This winter hundreds of Swift Parrots turned up on the south coast of NSW where spotted gums were flowering abundantly, deserting the drought-stricken box ironbark forests they usually frequent (http://www.birdsaustralia.com.au/homepage-news/swiftie-regent-survey-update.html).
These beautiful birds have the misfortune to choose forests slated for logging at both ends of their range. In NSW, much of the coastal forest where the birds sought refuge is state forest. Around Bermagui they were feeding in surviving spotted gum-dominated forest patches. Some were logged and burnt last year; without action, more will go in September.
The parrots are returning to Tasmania, to breed where heavily flowering bluegums provide abundant nectar. Last year most were in Wielangta Forest. This year, where?
What’s happened to protect the parrots?
In a word – not much.
Early in 2009, the Tasmanian government promised two reports by the end of June: the results of last summer’s breeding survey in Wielangta Forest and, crucially, a landscape scale ‘strategic species plan’ covering forestry activities in the species’ potential habitat. According to Minister Garrett the strategic plan would ‘progress a more integrated approach to the management and protection’ of the Swift Parrot. Neither document has appeared.
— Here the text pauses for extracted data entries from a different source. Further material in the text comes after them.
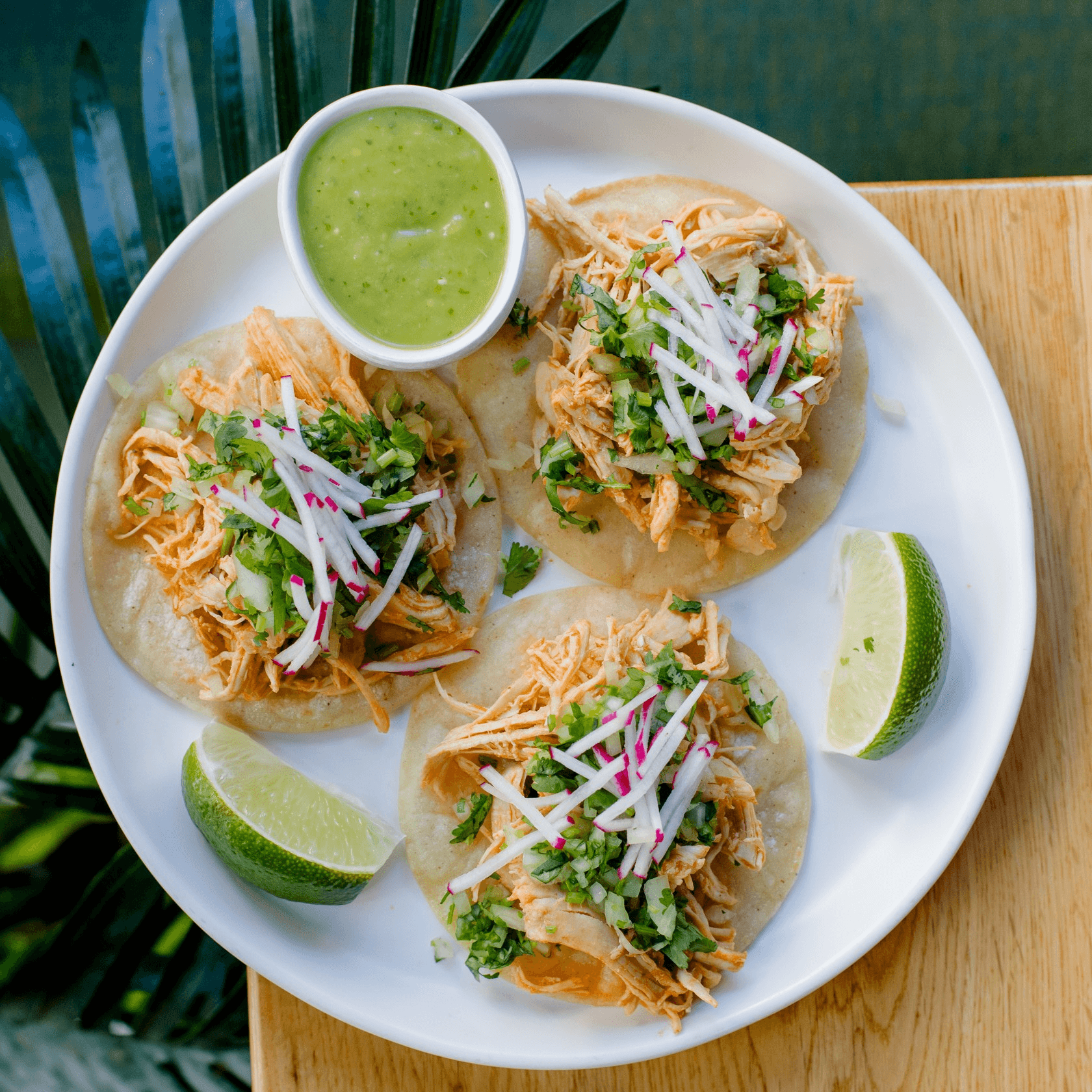 Shredded Chicken, Tomato-Serrano Sauce, Queso Fresco, Crema, Lettuce, Raddish.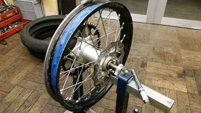 リヤタイヤ交換もついでにご依頼でしたが スポークトルク点検調整(後で フロントも見ます)。ハード使用のわりに 通常使用によるトルク抜け程度でした。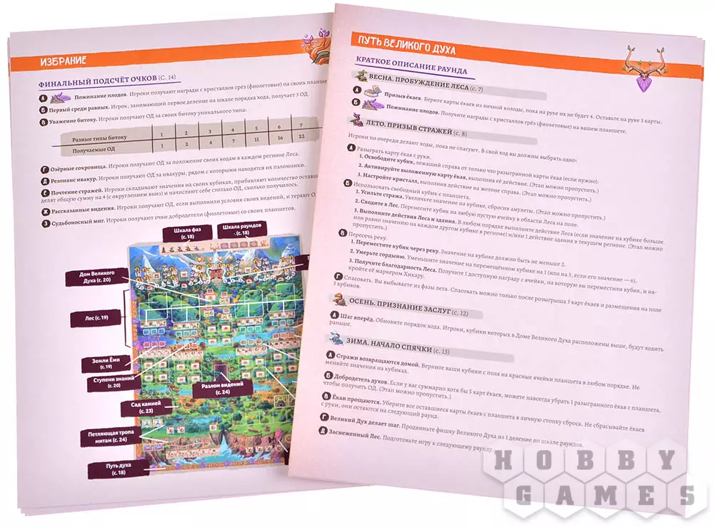 В фазу зимы все отправляются в спячку. Игроки по очереди проходят 5 этапов:
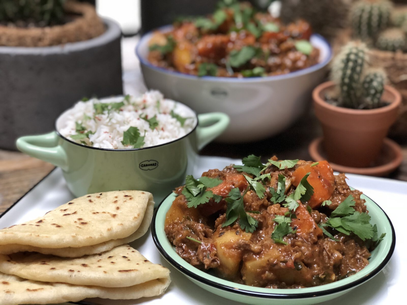 Verhit een scheutje olie en klont roomboter in de stoofpan. Bak het vlees in porties goudbruin aan en leg het vlees even apart. Fruit nu voor 10 minuten de salsa in het braadvet aan op middelhoog vuur. Leg het vlees erbij en laat het 3,5 uur stoven. Voeg dan de aardappel en wortel toe en laat nog 20-30 minuten stoven. (deksel niet helemaal op de pan) Roer er de koriander doorheen en breng op smaak met peper zout. Serveer met rijst en/of tortilla wraps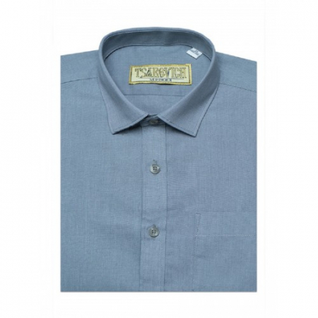 Рубашка серо-голубого цвета без декора органично дополнит комплект для школы.
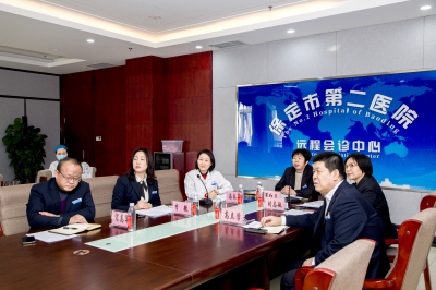 当天,外科大楼远程会诊中心内,院党委书记崔红卫,副院长刘志敏、高立学参会,与北大口腔医院院长郭传瑸,副院长蔡志刚,院长助理孙燕楠,通过视频进行即时互动交流。

It seems that the strategic plan has turned into ‘interim guidelines’ that are not only unpublished but so secret that they can only be extracted from the Tasmanina government through FOI.
In Canberra, the nomination to grade the Swift Parrot as ‘critically endangered’ -- not just endangered -- has not even passed the first hurdle. Minister Garrett will release his ‘priority assessment list’ around the end of August; if the Swift Parrot makes the list, the actual assessment will take another year or more. As for the recovery plan -- three years after it should have been implemented, the 2006-11 recovery plan is not even completed.
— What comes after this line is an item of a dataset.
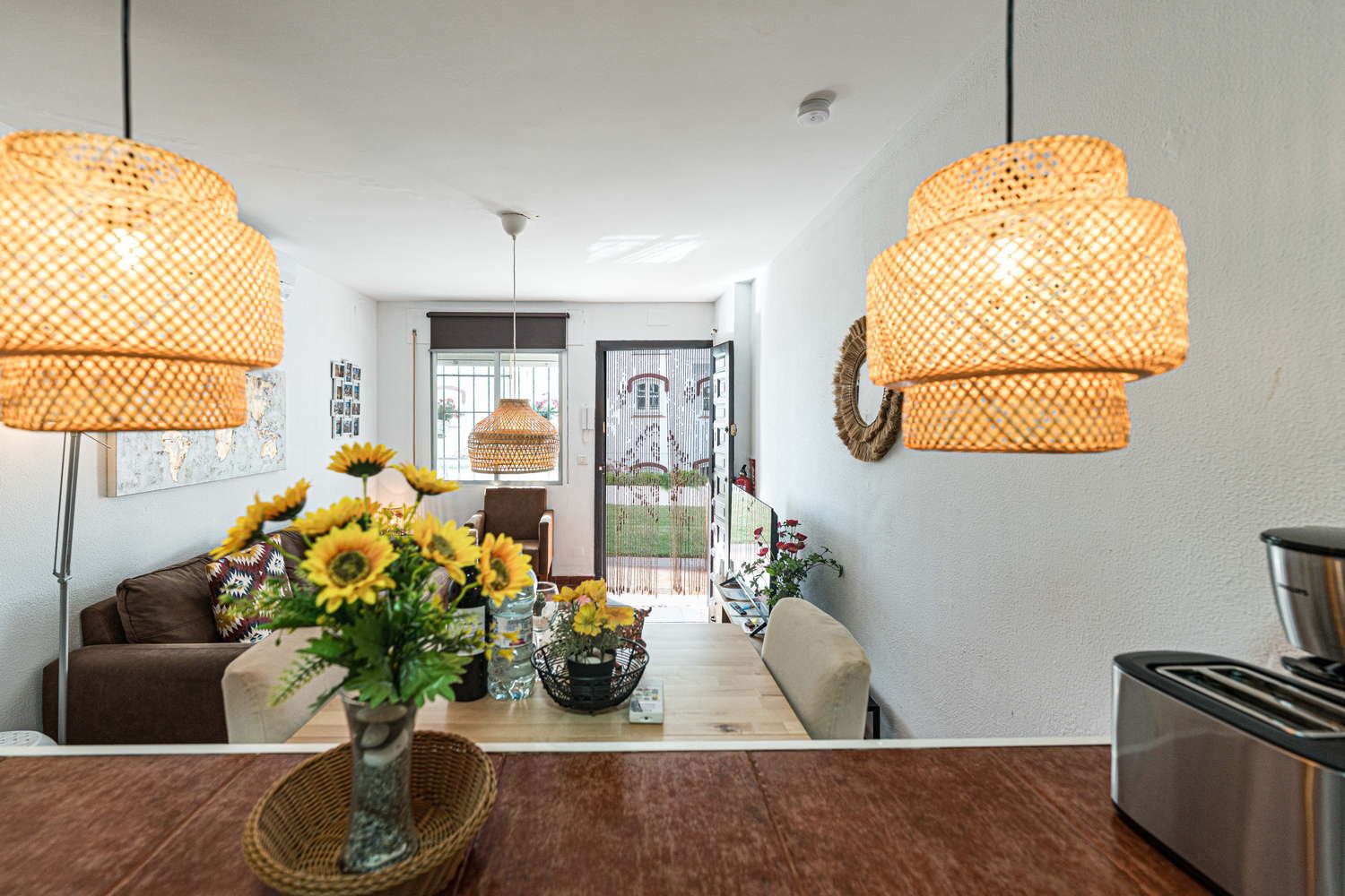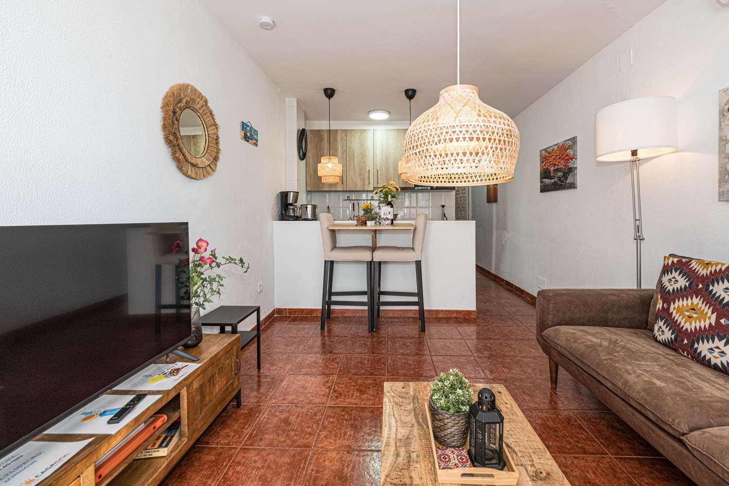Vida interior y exterior: La vida aquí sucede entre el salón y su terraza privada a pie de calle. La fluidez del espacio os permite pasar del sofá al exterior en un segundo, convirtiendo este rincón con vistas al mar en el lugar perfecto para esas cenas tranquilas tras un día explorando las calas de Nerja.

It is getting on for a year since the alarm was sounded on the plight of the Swift Parrot, but little has changed. The breeding season starts within weeks but important Swift Parrot breeding habitat in Wielangta, the southern forests, Bruny Island and Tasman Peninsula, and in other places not yet properly surveyed, continues to be open for logging. Now, the onus is also on the NSW government to protect its vital south coast forests, which this winter supported a large proportion of the species’ total population.
Can a parrot get justice under an RFA? Read the article by Alexandra de Blas in the latest edition of Ecos Magazine: http://www.ecosmagazine.com/nid/10/issue/4865.htm
While the RFAs are currently intended to achieve conservation outcomes, the Commonwealth does not have monitoring, compliance and enforcement mechanisms in place to determine if the RFAs are achieving these objectives; this in turn may have implications for how well the objects of the EPBC Act are being achieved in RFA regions.
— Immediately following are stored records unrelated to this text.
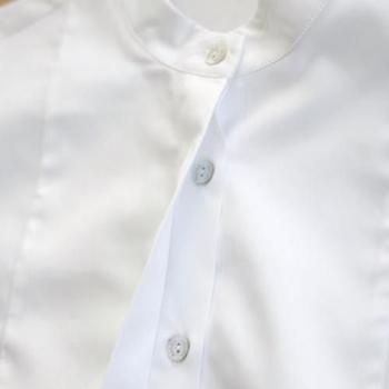 フロントは比翼仕立て。ボタンは貝ボタンがつきます。貝は天然素材につき若干の色の違いも魅力です。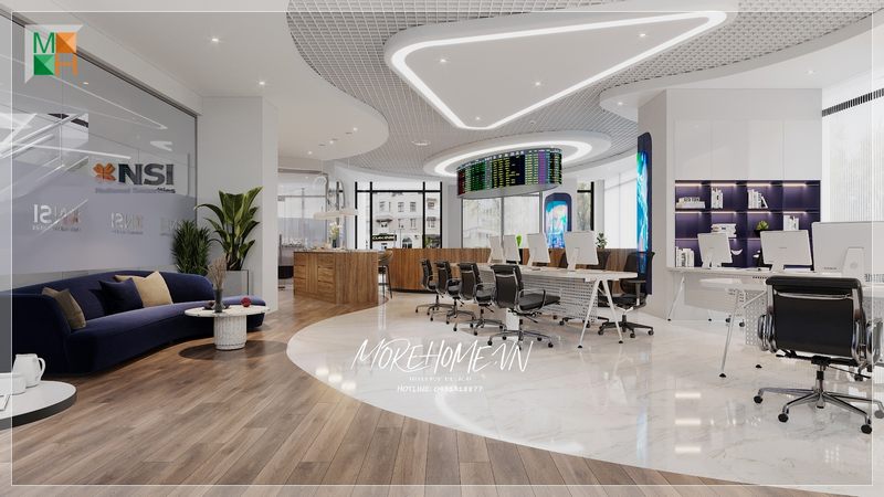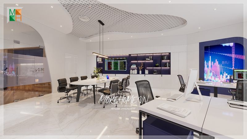 Thiết kế văn phòng với các bộ phân được phân bố không gian làm việc riêng nhưng vẫn gắn kết với nhau trong một tổng thể qua vách kính cường lực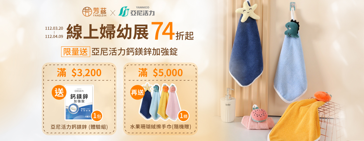 【線上婦幼展74折起】滿 $5,000 限量送水果珊瑚絨擦手巾

Interim Report of the Hawke EPBC Review, June 2009
Pressure is mounting on Regional Forest Agreements. According to both the Hawke Review and the Senate Environment Committee they lack transparency and accountability. Importantly, the Hawke EPBC Review canvasses options for greater Commonwealth oversight of RFA logging. Paraphrased, these are –
• establish an independent expert-based scientific committee to assess compliance and initiate audits of RFAs;
• provide for Commonwealth power to issue 'stop work' orders;
• ensure that the RFA exemption does not apply to incomplete or lapsed RFAs.
Both inquiries relied heavily on the Wielangta Forest case to reach their conclusions.
Forestry Minister Burke was impelled to make a pre-emptive defence of RFAs in a Ministerial Statement on 24 June. Steadfastly ignoring the evidence, he maintained that RFAs embody a ‘rigorous sustainable forest management framework to ensure the environmental protection of key forest values including biodiversity, soil and water, and cultural heritage’.
The deadline for submissions on the EPBC Review is 3 August 2009 (please make even a short submission if you can); and the final report is due in October 2009.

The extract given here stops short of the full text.